Aang and Iroh chose Christ’s path of nonviolence. By their choices, the dragons become allies and enemies across the world are brought together in peace. We might speculate that peace could be achieved had Aang simply killed Ozai. When asked why he doesn’t just challenge his brother Ozai for the throne, Iroh says, “Even if I did defeat Ozai, and I don’t know if I could, it would be the wrong way to end the war. History would see it as just more senseless violence. A brother killing a brother to grab power. The only way for this was to end peacefully is for the avatar to defeat the Fire Lord.” Violence does not end things the way we might wish it would. But nonviolence has a way of transforming our desire for an ending into a desire for reconciliation: cruciform nonviolence is a divine pattern.

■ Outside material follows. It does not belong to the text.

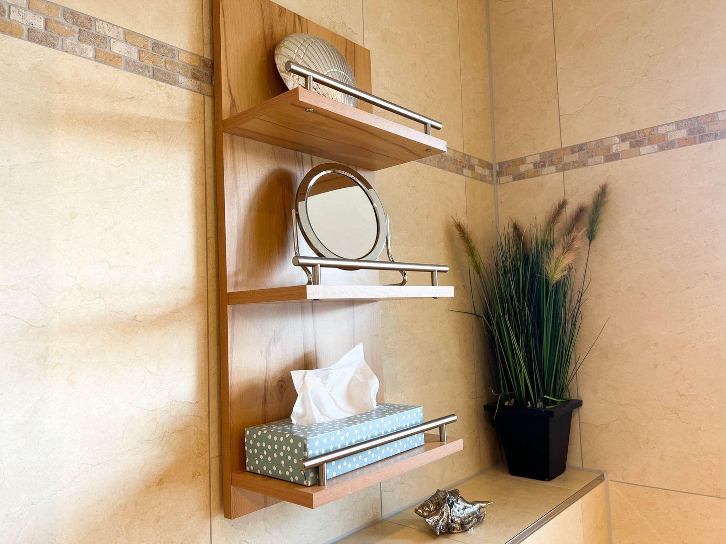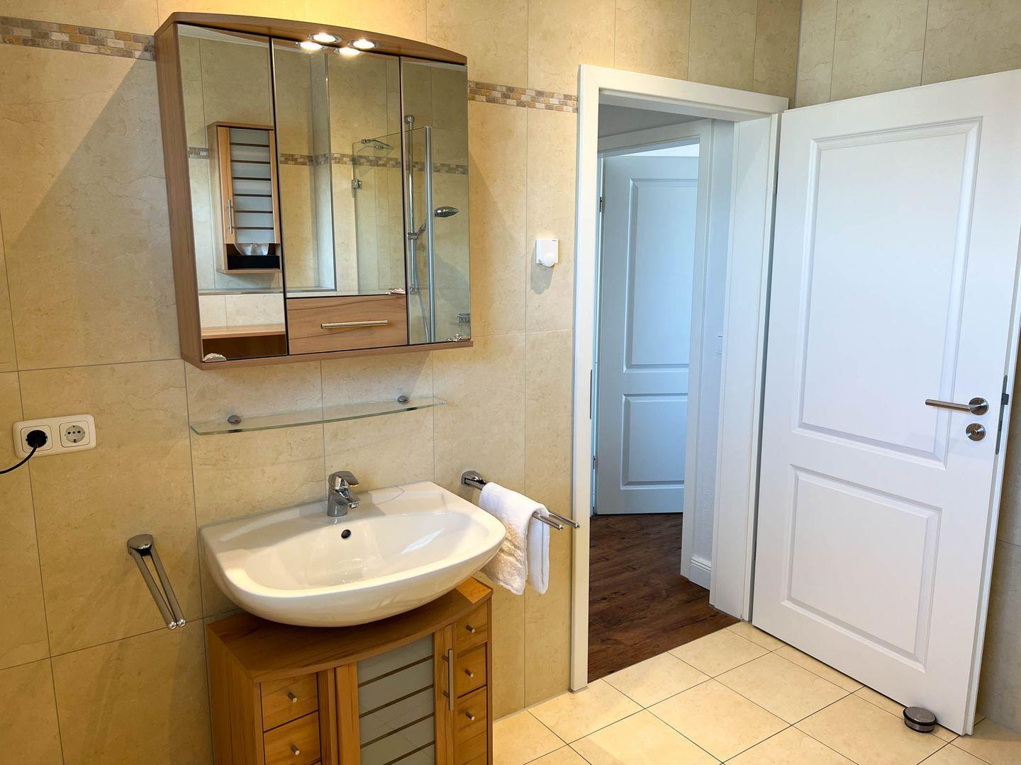 Das Bad verfügt über eine ebenerdige Dusche und die Wohnung hat ein separates Gäste-WC.

Preston Sprinkle in Fight puts it quite simply: “A person who chooses to love [their] enemies can have no enemies. That person is left with only neighbors . . . Jesus’s nonviolent, non-retaliatory journey to the cross is also a pattern for us to imitate.” This is the incredible value of fantasy like Avatar: it reinvigorates and challenges our collective and individual moral imaginations. It teaches us that our dragons can be defeated without killing them, that rather than tread over their bones, we can fly on their wings.